Jusqu’au 26 février, la Galerie Les Filles du Calvaire accueille les Public sculpture de James Hyde. Des œuvres grand format mêlant photographie et peinture pour interroger notre perception de ces œuvres d’art installées dans l’espace publique.
« Lors d’une visite à Mexico, il y a dix ans, j’ai été intrigué par les sculptures publiques modernistes disséminées dans la ville. Bien que ces monuments aient été conçus pour être le centre d’intérêt de leur environnement immédiat, ils semblaient généralement mal aimés, voire ignorés. Ils incarnaient une certaine idéologie moderniste – la fonction positive de l’art dans la communauté et une inclusion qui se distinguait des monuments commémoratifs aux généraux et aux politiciens. Il me semblait que ces valeurs avaient été négligées tout comme les sculptures, et que ces dernières incarnaient cette tragédie »,
confie James Hyde. Ainsi est née Public Sculpture, une série à la croisée des arts, alliant photographie, peinture et collage, réel et abstraction, monotonie et couleurs.

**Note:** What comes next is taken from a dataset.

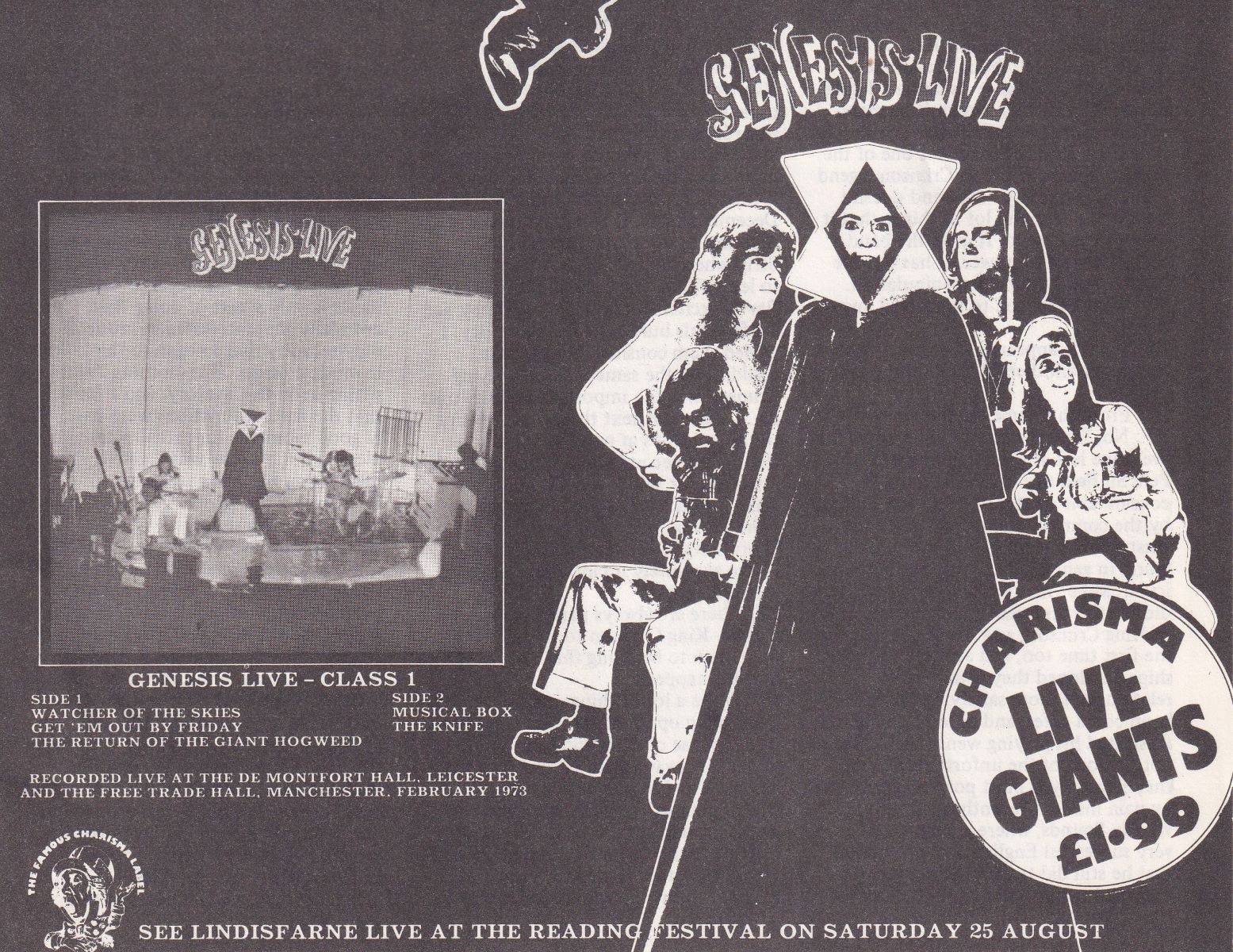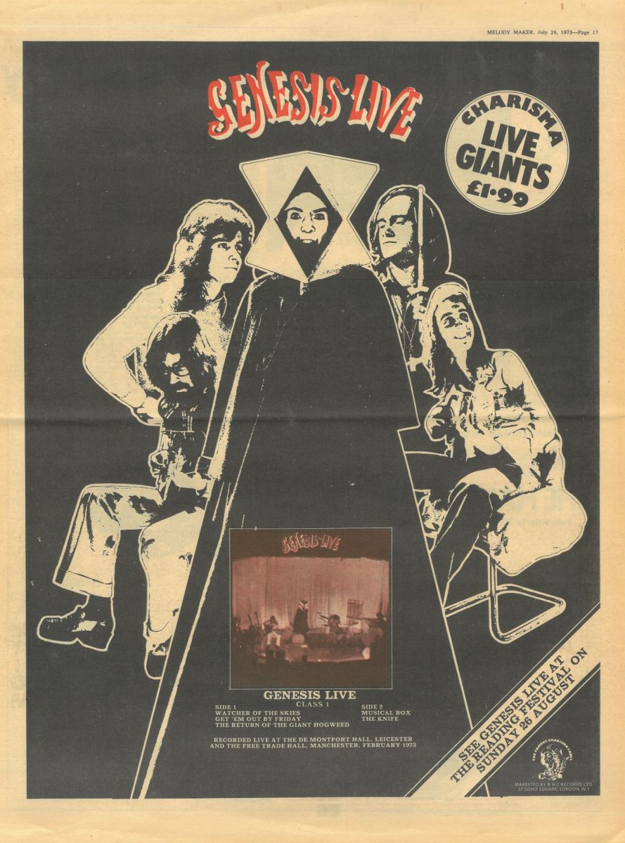 Here’s another another blog post with a Dutch twist. In 1973, in between ‘Foxtrot’ and ‘Selling England By The Pound’, Genesis released their first and only live album from the Gabriel era. Genesis ‘Live’ has a cult status amongst fans and it contains some of their greatest classics. Also, the album has a rather raw edge to it, different from its successors. Even now, more than 50 years later, you’re hearing a band at the top of their game. Genesis ‘Live’ was recorded at the Free Trade Hall in Manchester on February 24th 1973 and the De Montfort Hall in Leicester the next day. Both dates are on the ‘Foxtrot’ tour flyer.

Installé à Brooklyn, l’artiste développe aujourd’hui une pratique mixte aux nombreuses influences – des peintures de la Renaissance aux effets de matière de Jackson Pollock en passant par les expérimentations de l’École de New York (un mouvement artistique des années 1950 et 1960, inspiré par le surréalisme, l’avant-garde, l’expressionnisme abstrait ou encore la musique expérimentale, ndlr). Jouant avec les matériaux (sable, acrylique, verre, lin, vinyle…) il transforme ces images banales d’une architecture oubliée en œuvre unique, aux tons vibrants. Une manière de redonner à ces sculptures une place de choix.
Déconstruire le chaos
Contrastées par un accrochage minimaliste, les pièces de James Hyde happent le regard, l’attention. Des images des villes et des sculptures qu’elles abritent, il ne reste (presque) rien, seulement des traces que l’on devine sous un filtre coloré, une matière presque palpable. Il y a, dans les créations de l’auteur, une volonté de déconstruire le chaos pour le remettre en ordre – paradoxalement. Le réel est découpé, détourné, arraché de tout contexte, dissimulé derrière des figures géométriques aux formes parfaites, qui avalent tout élément reconnaissable. Ainsi sublimé, le paysage devient finalement aussi insensé que les œuvres d’art qu’il accueille – laissées à l’abandon dans des lieux urbains. Des êtres humains, l’artiste efface toute trace, à l’exception d’une ou deux silhouettes, perdues dans la contemplation des sculptures publiques. Une manière pour lui de souligner à nouveau l’ironie de notre désintérêt pour ces œuvres exposées au grand jour.
En contrepoint, c’est la raison d’être du médium photographique que James Hyde interroge. Comment voyons-nous le monde ? Une vision unique peut-elle exister ? En utilisant le 8e art comme toile de fond de ses œuvres, l’auteur nous invite à repenser notre manière de voir, d’analyser. Éclatés, dispersés, les différents fragments de notre monde doivent être raccrochés pour former un nouveau tout, et retrouver un sens. « L’appareil photo est lui-même un objet et il me semble que nous voyons le monde autant à travers des objets que par transparences. Ainsi, avec Public sculpture, j’explore l’environnement urbain à partir de la perspective – et de l’objectivité – de ces sculptures », explique-t-il. Une notion retravaillée en parallèle au cœur d’une œuvre en réalité augmentée, imaginée avec l’artiste Nathan Hauenstein, visible depuis l’entrée de la galerie. Accessible depuis nos smartphones, elle donne à voir une « sculpture dansante dans laquelle les éléments colorés des peintures exposées apparaissent et disparaissent, se rassemblent et se désagrègent. Une sorte d’analogue technologique de la manière dont les œuvres ont été composées », ajoute l’artiste.